Today, I slowed down the car and looked for the cedar waxwings down the road near the Congregational Church.  Every year at Chicken Barbecue time at the Church, the third week in February, the row of ten or so crab apple trees that line the parking lot are alive with their joyful and frenetic antics.  Comically they hang from the branches, side by side with the local robins, almost drunk on the dried red crab apples.  Such a treat, they must think, as they make their journey north, to have so nutritious and delicious a meal. Beautiful  looking  creatures, having a greyish back and wings with a yellowish breast and tuft of feathers rising from their foreheads, they are marked with distinctive slashes of black color near their eyes.

Chicken Barbecue time is a yearly happening here in town.  The outside barbecue pit near the back of the church building is surrounded by the men in charge of this task.  The aroma of roasting chicken as it sizzles and crisps on the grill is wonderful.  Are the cedar waxwings intimidated by this?  No, they are enjoying their feast just as much as we who arrive to pick up our dinners will.

Last summer a mystery bird took over the bluebird house after it had been left empty in early September.  We came upon this bird when we were walking Violet one evening.  Since it was her first month with us, we walked her on a leash around the perimeter of the property near the little meadow to train her.  As we walked right in front of the birdhouse, a little head popped out, staring right into the beam of the flashlight.  She didn’t fly away, didn’t shy away. Just stared at us.  Night after night the little bird would be there, peeping her tiny head out the hole.  The mystery bird who seemed unafraid of any passers-by and greeted us every evening on our walk.

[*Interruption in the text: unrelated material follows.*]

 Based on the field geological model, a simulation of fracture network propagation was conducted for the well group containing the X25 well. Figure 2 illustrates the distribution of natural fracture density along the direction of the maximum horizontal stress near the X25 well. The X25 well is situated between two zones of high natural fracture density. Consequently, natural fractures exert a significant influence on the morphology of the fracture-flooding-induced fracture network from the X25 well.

As night falls on this rainy February evening, I  look forward to the return of these birds.  But I am cheered  by our homey favorites who appear at our bird feeder each day–the titmouses, the nuthatches, and especially our cheerful chickadees.  We are blessed to have so many little creatures on our property.  Violet is especially happy to watch for squirrels who enjoy a meal beneath our window and sometimes send vast amounts of seeds tumbling onto the ground as they swing on the feeder.  Her hunting instincts surfacing, Violet stands anxiously on the chair’s arm, pointing through the nearby glass, grateful to go out and bound over the snow in futile pursuit of these fat and fluffy intruders.